:: Materials provided ::
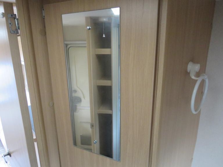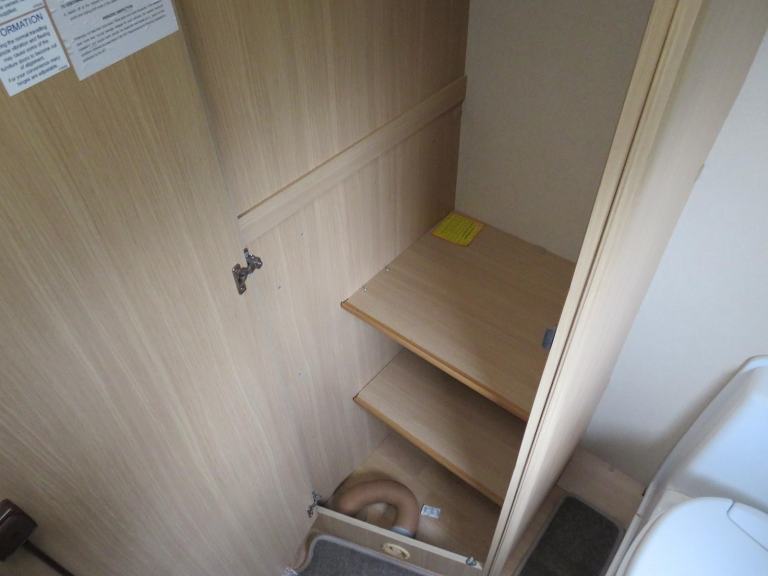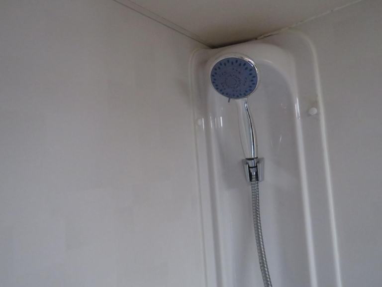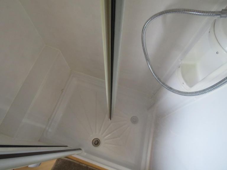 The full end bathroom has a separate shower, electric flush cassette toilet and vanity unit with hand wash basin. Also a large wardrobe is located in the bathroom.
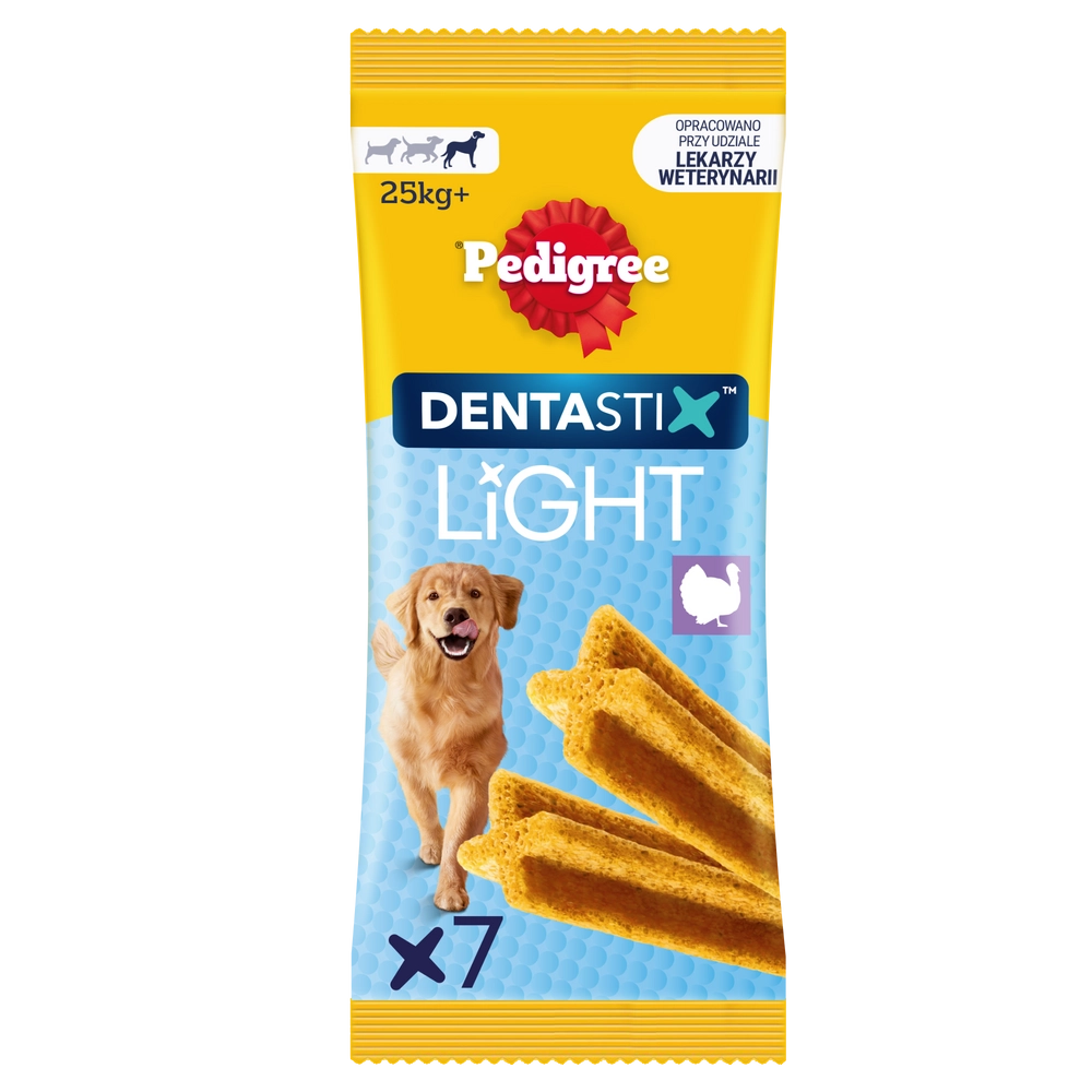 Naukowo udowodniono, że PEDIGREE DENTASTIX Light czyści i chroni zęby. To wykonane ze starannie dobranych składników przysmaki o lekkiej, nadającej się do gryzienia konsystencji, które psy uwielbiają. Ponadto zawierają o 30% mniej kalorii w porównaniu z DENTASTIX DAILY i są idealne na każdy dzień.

...

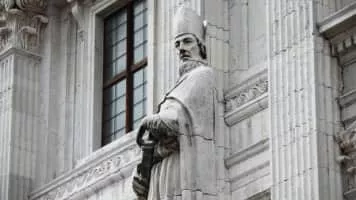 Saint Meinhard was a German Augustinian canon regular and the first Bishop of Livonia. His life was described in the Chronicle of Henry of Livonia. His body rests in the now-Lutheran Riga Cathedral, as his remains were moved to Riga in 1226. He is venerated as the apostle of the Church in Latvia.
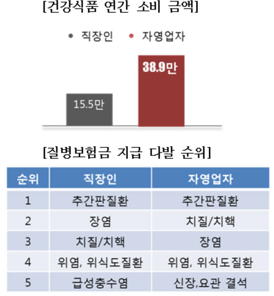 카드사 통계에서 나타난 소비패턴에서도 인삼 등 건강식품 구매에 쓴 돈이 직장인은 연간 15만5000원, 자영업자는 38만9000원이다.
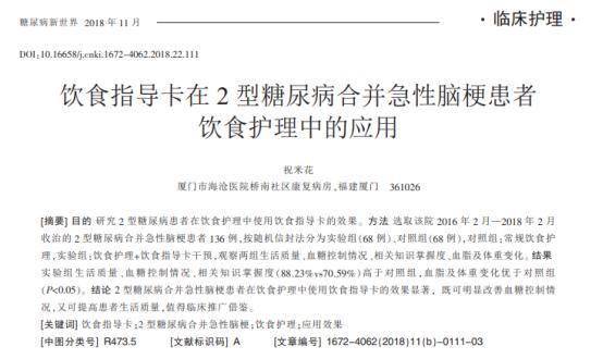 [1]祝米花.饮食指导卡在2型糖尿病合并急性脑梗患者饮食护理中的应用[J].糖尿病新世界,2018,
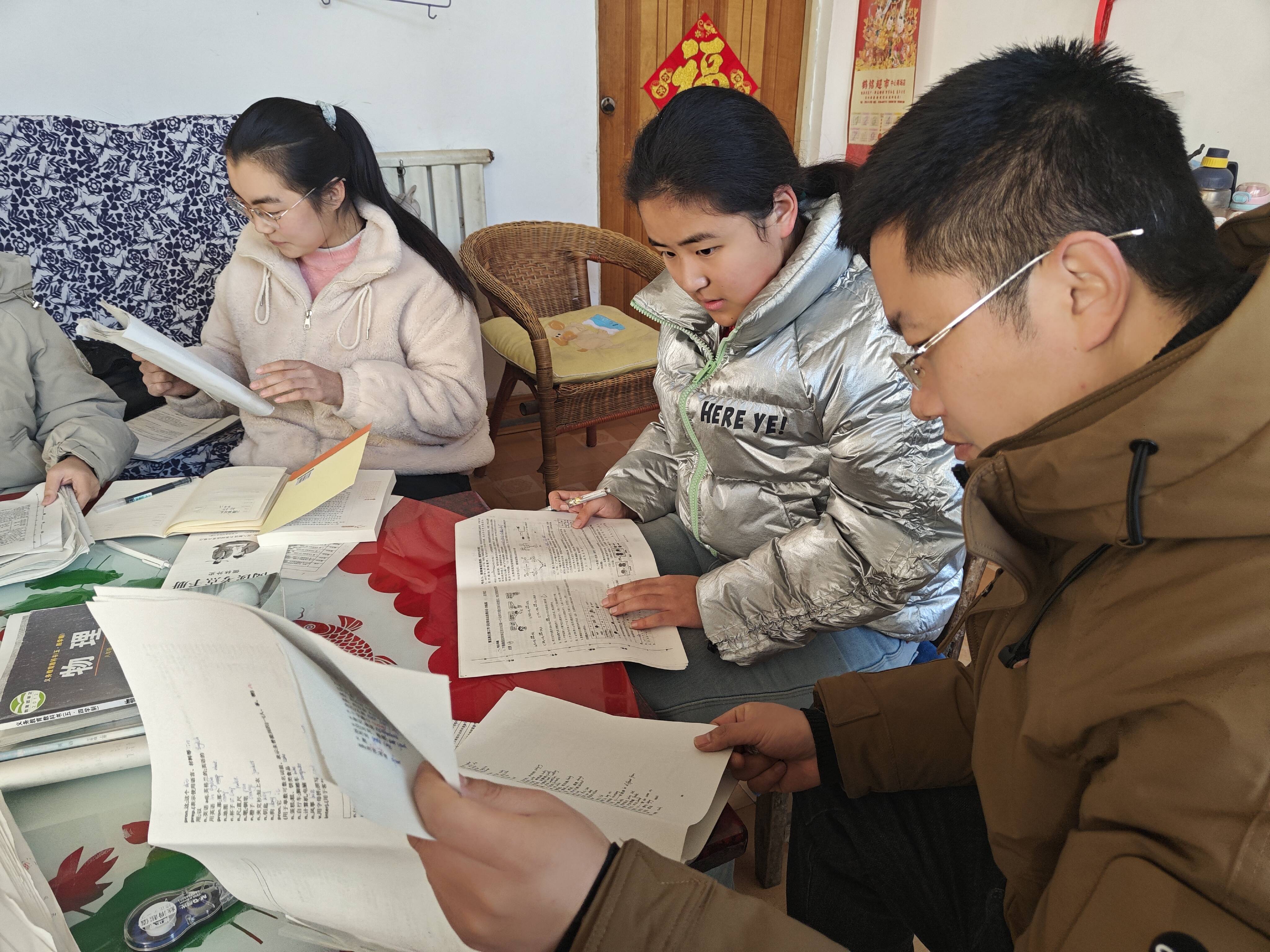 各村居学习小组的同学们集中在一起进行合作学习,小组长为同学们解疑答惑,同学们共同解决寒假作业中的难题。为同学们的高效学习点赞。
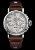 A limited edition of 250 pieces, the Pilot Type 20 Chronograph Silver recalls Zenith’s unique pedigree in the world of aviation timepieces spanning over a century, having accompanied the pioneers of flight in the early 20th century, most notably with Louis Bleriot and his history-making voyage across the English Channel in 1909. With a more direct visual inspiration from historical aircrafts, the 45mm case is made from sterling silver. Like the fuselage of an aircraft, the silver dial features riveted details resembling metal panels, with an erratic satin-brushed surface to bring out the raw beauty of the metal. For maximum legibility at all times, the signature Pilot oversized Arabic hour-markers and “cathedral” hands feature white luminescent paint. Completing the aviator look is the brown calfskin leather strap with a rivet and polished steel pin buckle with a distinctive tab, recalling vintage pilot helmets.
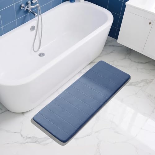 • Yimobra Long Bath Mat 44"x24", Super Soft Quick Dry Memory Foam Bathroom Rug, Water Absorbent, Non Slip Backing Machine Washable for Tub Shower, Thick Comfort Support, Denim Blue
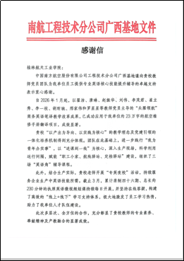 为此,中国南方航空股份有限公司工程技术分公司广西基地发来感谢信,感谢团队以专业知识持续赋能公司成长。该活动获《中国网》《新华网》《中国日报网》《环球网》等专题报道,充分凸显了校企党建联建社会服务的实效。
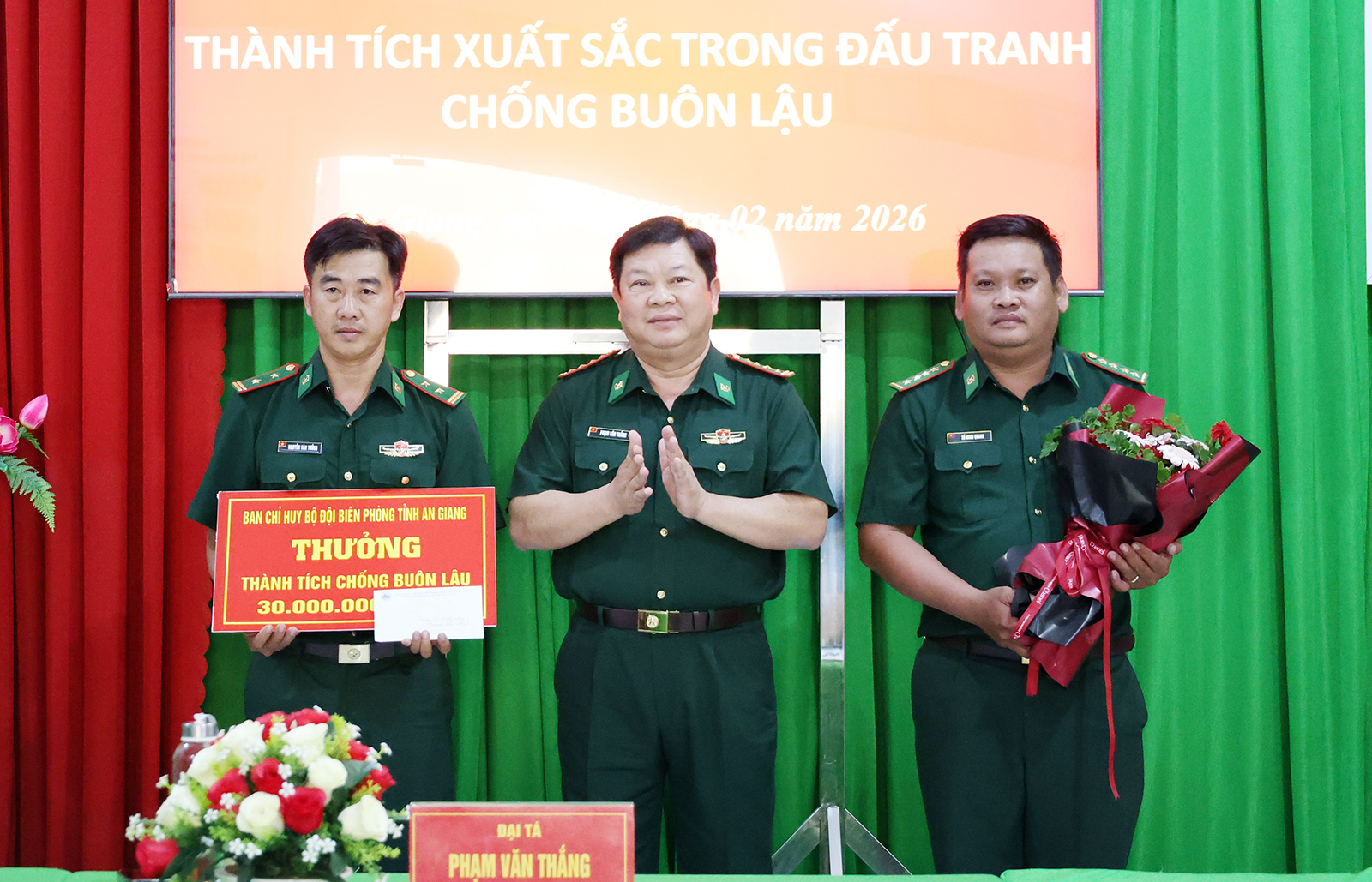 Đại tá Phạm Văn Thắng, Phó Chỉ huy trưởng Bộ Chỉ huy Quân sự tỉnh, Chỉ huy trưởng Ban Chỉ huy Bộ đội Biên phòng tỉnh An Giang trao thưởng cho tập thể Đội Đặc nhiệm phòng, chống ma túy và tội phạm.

:: Work required ::
Beginning at the line above that contains "Support, Denim Blue", repeat each line exactly through the one that contains "Đại tá Phạm", and leave out the pictures.

:: Solved exercise ::
 • Yimobra Long Bath Mat 44"x24", Super Soft Quick Dry Memory Foam Bathroom Rug, Water Absorbent, Non Slip Backing Machine Washable for Tub Shower, Thick Comfort Support, Denim Blue
 为此,中国南方航空股份有限公司工程技术分公司广西基地发来感谢信,感谢团队以专业知识持续赋能公司成长。该活动获《中国网》《新华网》《中国日报网》《环球网》等专题报道,充分凸显了校企党建联建社会服务的实效。
 Đại tá Phạm Văn Thắng, Phó Chỉ huy trưởng Bộ Chỉ huy Quân sự tỉnh, Chỉ huy trưởng Ban Chỉ huy Bộ đội Biên phòng tỉnh An Giang trao thưởng cho tập thể Đội Đặc nhiệm phòng, chống ma túy và tội phạm.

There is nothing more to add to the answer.